━━━ EXCERPTED RECORDS ━━━

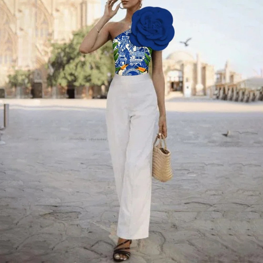 Blue Fashion Printed One-Piece Swimsuit Single Shoulder
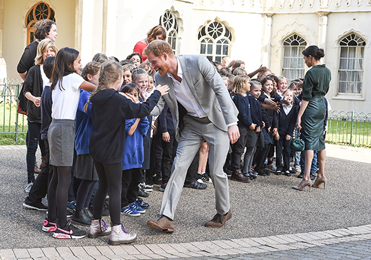 Prince Harry, Duke of Sussex and Meghan, Duchess of Sussex greet local school children in Brighton during an offcial visit to Sussex on October 3, 2018 in Brighton, United Kingdom. The Duke and Duchess married on May 19, 2018 in Windsor and were conferred The Duke & Duchess of Sussex by The Queen.
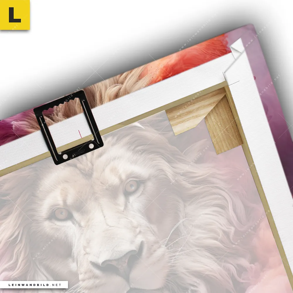 Du konfigurierst Dein individuelles Leinwandbild | Löwengesicht in buntem Rauch | Querformat und wir produzieren es NEU für Dich. Unsere Tierwelt Leinwände sind KEINE Lagerware. Du bist Dir unsicher, welches Motiv oder Format das richtige für dein individuelles Keilrahmenbild ist, dann helfen wir dir gerne weiter und beraten dich!
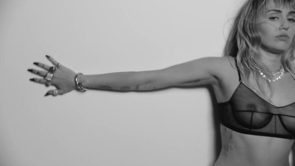 La cantante Miley Cyrus presenta su nuevo video musical ligeramente desnudo para promocionar su nuevo álbum “She Is Coming”, donde puedes ver sus pechos, mientras posa con un sostén transparente.
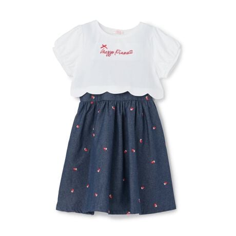 裾スカラップ半袖Tシャツ&イチゴキャミワンピースセット
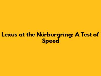 Lexus At The Nürburgring: A Test Of Speed
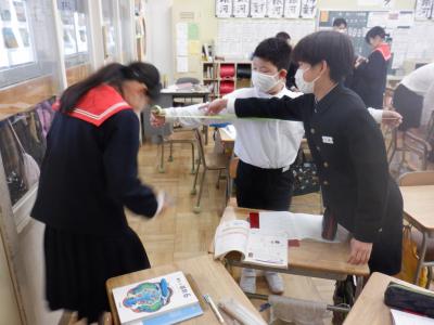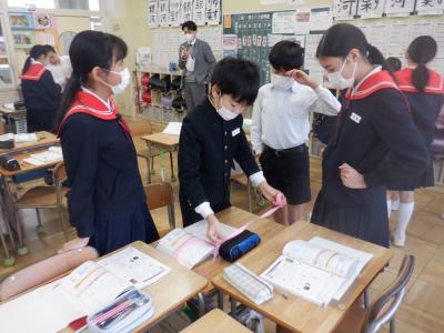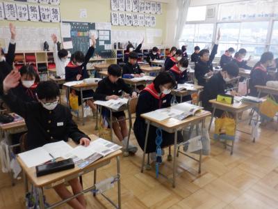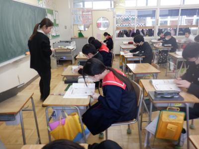 3限目に、津幡南中学校の先生が、6年生の授業の様子を参観にいらっしゃいました。
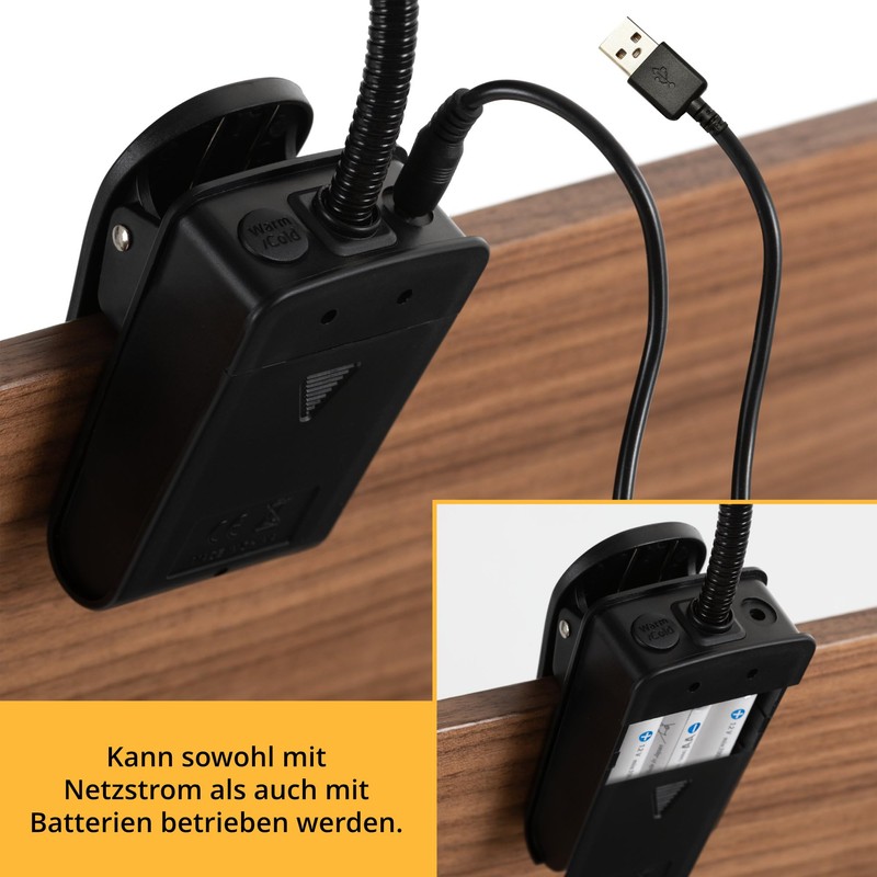 With the practical spring clamp, the light can be attached to music stands, piano rests or tables in seconds.
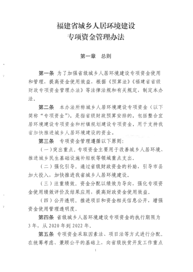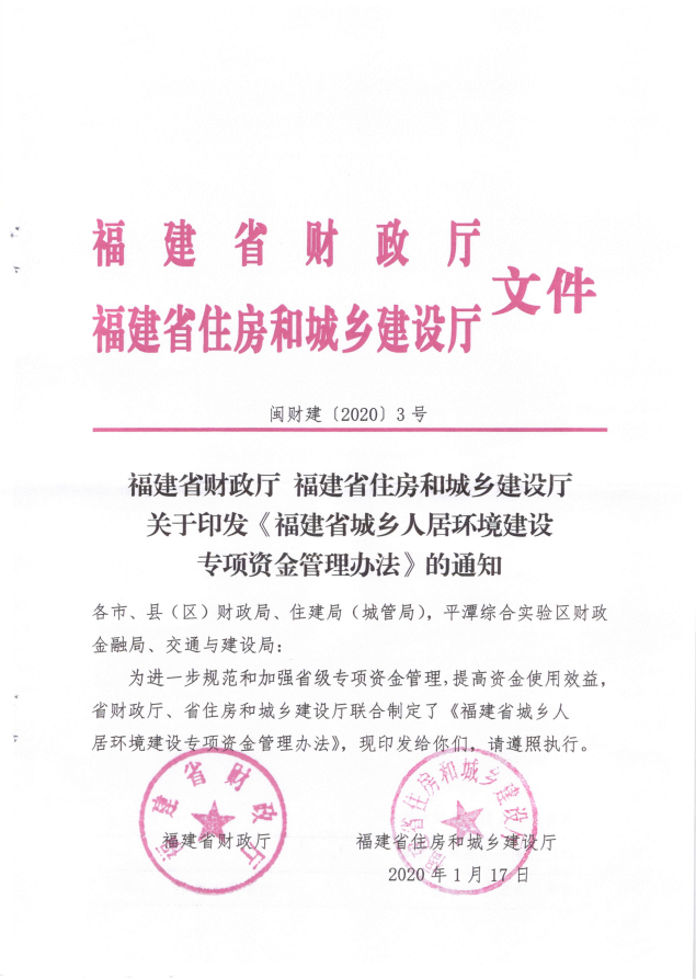 福建省財(cái)政廳福建省住房和城鄉(xiāng)建設(shè)廳關(guān)于印發(fā)《福建省城鄉(xiāng)人居環(huán)境建設(shè)專(zhuān)項(xiàng)資金管理辦法的通知》(閩財(cái)建[2020]3號(hào))
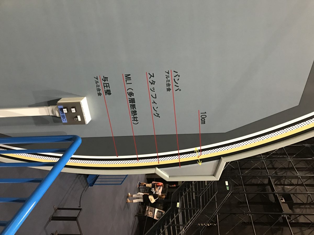 こちらは衛星の予備機と実物大のモック、結構配線むき出しなんだなー
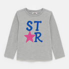 Questa adorabile maglietta a maniche lunghe è perfetta per le piccole stelle! Realizzata in morbido cotone grigio, offre comfort e calore durante le giornate più fresche. Il design gioca con un grande "STAR" in lettere blu e una stella fucsia che aggiunge un tocco di vivacità e allegria. Ideale per outfit casual, avventure all'aperto o momenti di gioco, è un capo usato ma in ottime condizioni, pronto per essere amato da una nuova piccola nomade. Un must per ogni guardaroba!
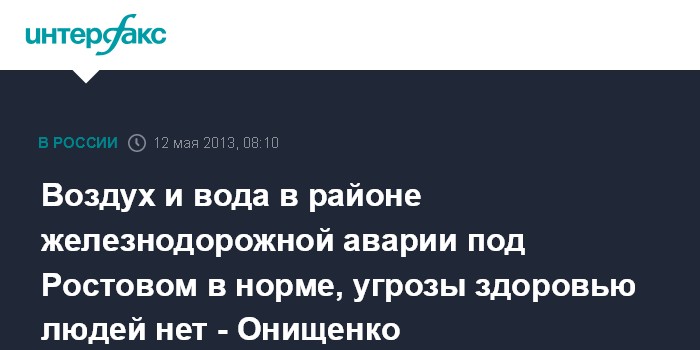 Воздух и вода в районе железнодорожной аварии под Ростовом в норме, угрозы здоровью людей нет - Онищенко
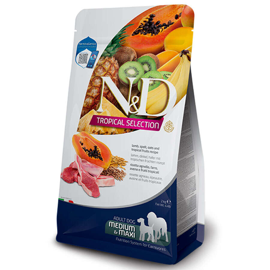 N&D Tropical Selection Kuzu Etli, Kılçıksız Buğday, Yulaf ve Tropik Meyveli Yetişkin Orta ve Maxi Irk Köpek Maması - 10 Kgİçindekiler:Kuzu eti (%20), kurutulmuş kuzu proteini (%20), kılçıksız buğday (%12), yulaf (%12), tavuk yağı, kurutulmuş ringa balığı proteini, kurutulmuş pancar küspesi, balık yağı (ringa balığından), kurutulmuş havuç, yonca unu, inülin, frukto-oligosakkaritler, maya ekstraktı (manno-oligo-sakkarit kaynağı), kurutulmuş muz (%0,5), kurutulmuş kivi (%0,5), kurutulmuş mango (%0,5), kurutulmuş papaya (%0,5), kurutulmuş ananas (0,5) %), kurutulmuş ıspanak, psilyum kabukları ve tohumları, sodyum klorür, kurutulmuş bira mayası, zerdeçal, aloe vera özü, glukozamin, kondroitin sülfat.A Vitamini 10000IU; D3 Vitamini 1000IU; E Vitamini 100mg; C Vitamini 100mg; Niasin 25mg; Kalsiyum D-pantotenat 10mg; B2 Vitamini 5mg; B6 Vitamini 4 mg; B1 Vitamini 3 mg; Biyotin 0.25mg; Folik asit 0.30mg; B12 Vitamini 0.04mg; Kolin klorür 2500 mg; Çinko (Çinko oksit): 86,7 mg; Çinko (Çinko sülfat monohidrat): 43,7 mg; Manganez (Mangan sülfat monohidrat): 48,8 mg; Demir [Demir (II) sülfat monohidrat]: 14,5 mg; Demir [Demir (II) karbonat]: 28,9 mg; Bakır [Bakır (II) sülfat pentahidrat]: 12,8 mg; İyot (Kalsiyum iyodat susuz): 1,56 mg; Selenyum (Sodyum selenit): 0,101 mg; DL-metiyonin, teknik olarak saf 2500 mg.
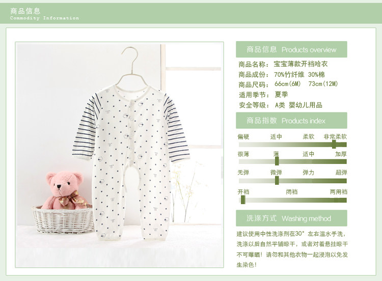 Mùa hè mỏng bé sợi tre jumpsuit dài tay áo mở người đàn ông và phụ nữ bé sơ sinh quần áo điều hòa không khí đồ ngủ Áo liền quần
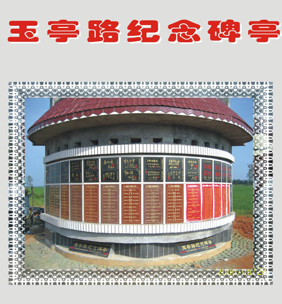 《玉亭路纪念碑亭》图片介绍:1.临川通往东乡的乡村玉亭公路 2.南丰县原公安局长、书法家黄鼎祺 3.玉亭路纪念碑亭朝南方向全景 4.墩上伢仔王吉安夫妇捐款献爱心
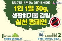 [ 중앙뉴스미디어 ] 광진구는 수도권 생활폐기물 직매립 전면 금지 시행에 선제적으로 대응하기 위해, 전년 대비 생활쓰레기 6% 감량을 목표로 구민과 함께하는 '1인 1일 30g 쓰레기 다이어트, ‘1.1.30.쓰다 캠페인’'을 본격 추진한다. 올해부터 수도권에서 생활폐기물 직매립이 전면 금지됨에 따라, 광진구는 폐기물 처리 환경 변화에 선제적으로 대응하고자 생활 속 쓰레기 감량을 핵심 과제로 설정했다. 이에 구는 구민이 일상에서 쉽게 실천할 수 있는 참여형 프로그램을 중심으로 감량 실천을 확산시키고, 공공부문과 민간이 함께 쓰레기 줄이기에 동참하도록 할 계획이다. 이번에 추진하는 '1.1.30.쓰다 캠페인'은 올바른 분리배출을 이해하고, 쓰레기 감량 실천을 스스로 다짐하도록 유도하는 주민 참여형 캠페인이다. 광진구민의 약 20%(약 6만 6천 명)가 하루 평균 30g의 쓰레기 배출을 줄일 경우, 연간 약 725톤의 생활쓰레기 감량 효과가 기대된다. 30g은 배달 음식 용기 1개와 일회용 수저 1개, 나무젓가락 1개 수준으로, 일상 속 작은 실천으로 가능한 분량이다. 구는 이번 캠페인을 서울시 ‘생활폐기물 다이어
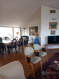 L'attico con ottime rifiniture di 128 mq coperti e calpestabili, silenzioso con splendida vista su Mailella, Porto Canale e sul ponte del Mare, é composto da: - un grande doppio salone con uscite sulle terrazze con affacci unici e meravigliosi - 2 camere, la matrimoniale dotata di cabina armadio, - cucina arredata, - 2 ampi bagni con sanitari e rivestimenti di marca. Grandi listoni di rovere rivestono i pavimenti. Gli infissi di pregio hanno grandi vetrate con vetri antisfondamento, le terrazze sono provviste di tende automatiche e di impianto idraulico. L'appartamento ha inoltre impianto fotovoltaico, riscaldamento autonomo e serbatoio d'acqua.Nelle immediadete vicinanze sono presenti tutti i servizi pubblici e privati: scuole. banche supermercati, etcc.. La vendita include ascensore e cortile. Classe energetica
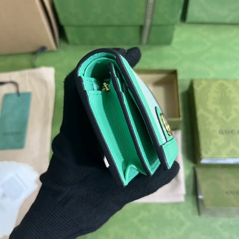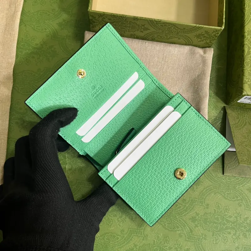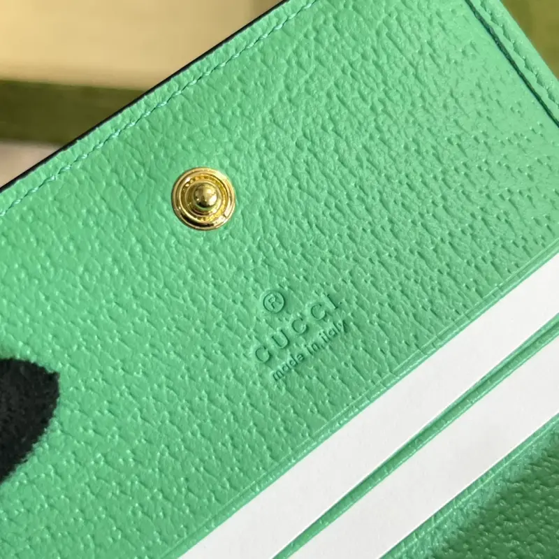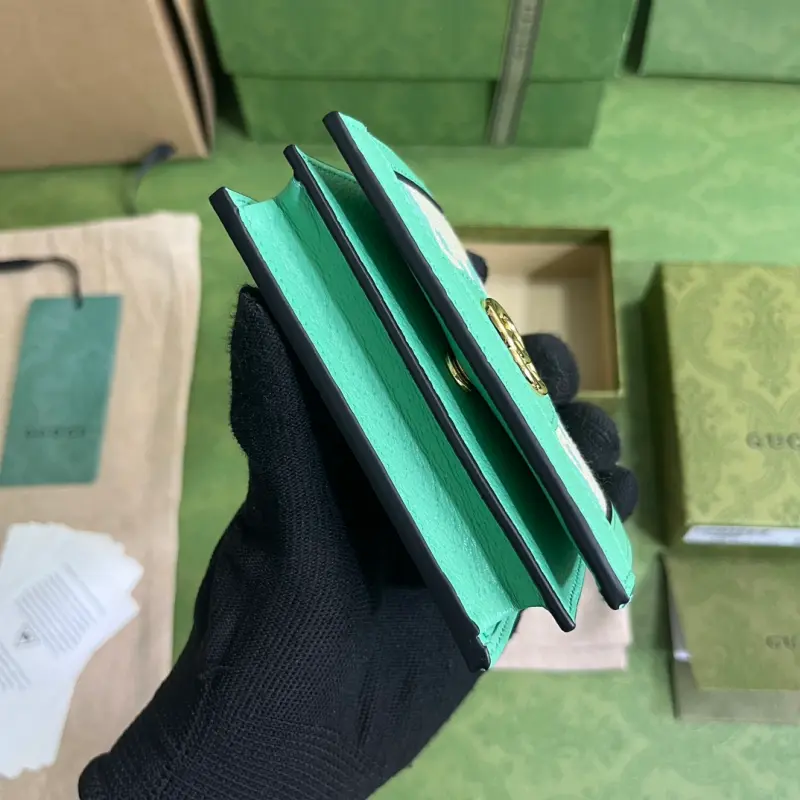 [Comes with a full set of original green box packaging] Ophidia series Super Double G card holder. The Ophidia series is reinterpreted in the 2023 early spring “Gbag Star Story” series, reshaping the classic silhouette with new color schemes, presenting a sophisticated piece with a modern style. The classic GG pattern is paired with a new color scheme of beige and mint green, complementing the double G elements. Beige and mint green Super Double G canvas, mint green leather, gold-tone hardware, cloud pattern fabric lining Double G, five card compartments, one banknote compartment, zippered inner pocket. Snap button closure. Model: 523155. Dimensions when open: 11 (width) x 17.5cm (height) Dimensions when closed: 11 (width) x 8.5 (height) x 3cm (depth) Color: mint green/Big G canvas. Made in Italy

━━━

- **INSTRUCTIONS FOR THE TASK**:
All pictures are to be skipped. Output, word for word, the lines in the data above starting at the line containing "こちらは衛星の予備機と実物大のモック、結構配線むき出しなんだなー" and ending at the line containing "Questa adorabile maglietta".

- **REPLY**:
 こちらは衛星の予備機と実物大のモック、結構配線むき出しなんだなー
 Questa adorabile maglietta a maniche lunghe è perfetta per le piccole stelle! Realizzata in morbido cotone grigio, offre comfort e calore durante le giornate più fresche. Il design gioca con un grande "STAR" in lettere blu e una stella fucsia che aggiunge un tocco di vivacità e allegria. Ideale per outfit casual, avventure all'aperto o momenti di gioco, è un capo usato ma in ottime condizioni, pronto per essere amato da una nuova piccola nomade. Un must per ogni guardaroba!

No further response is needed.